One can separate three sub-areas of voice work: telephony, filing, and system integration. Telephony has to do with the transmission of voice data, with the elementary control functions of placing calls, and with terminal equipment (hardware). It is in telephony that the architectures described below differ. Filing has to do with storage and retrieval of voice messages and with composition and editting capabilities. Integration has to do with advanced control facilities such as use of a data base to store telephone numbers, and with the manipulation of voice data in cooperation with our other activities. It is important to note that filing and some kinds of voice work could proceed with a voice system that is not combined with the telephone system. We could concentrate on voice editting and annotation and ignore telephony, but we think that there is a lot to be gained by the integration of telephony and filing.
1. Use the existing telephone system
The present CSL phone system provides a single direct dial number for each office and has a few value-added features such as call-forwarding and an attendant console. (One can forward calls to another number and one’s phone transfers to the attendent automatically after three rings.) The distinguishing features of this system are that control information is ``in-band’’, consisting of beeps and clicks on the voice channel, and that both voice and control information passes through conventional phone wires and through a central switch (exchange).

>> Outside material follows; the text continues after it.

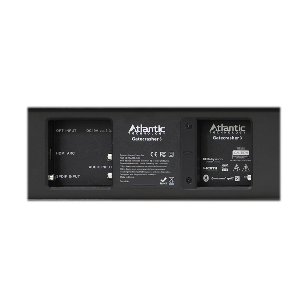Setting up your Gatecrasher 3 PowerBar® System is a breeze. With its HDMI (ARC) input, optical digital audio input, and AUX input, you can easily connect to your TV and enjoy your enhanced audio experience in no time."
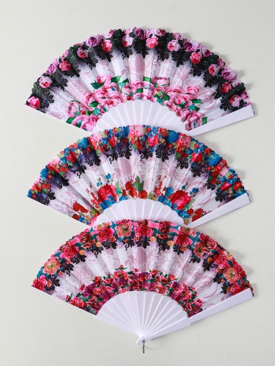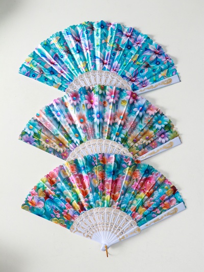 Веер складной «Цветочный», широкие лопасти, 2...

These remarks also apply to most PABXs.
To use the transmission and switching facilities of the existing phone system and to provide control over its operation, we would build a device which would connect to a workstation and permit the machine to pick up and dial one’s office phone. In addition, we would need some number of voice I/O interfaces on server machines. The voice I/O device, in small numbers, would provide a way of getting voice on and off the Ethernet, where our programs can work with it, file it, and so on. The A/D and D/A conversions are provided by a server, rather than by one’s own voice terminal.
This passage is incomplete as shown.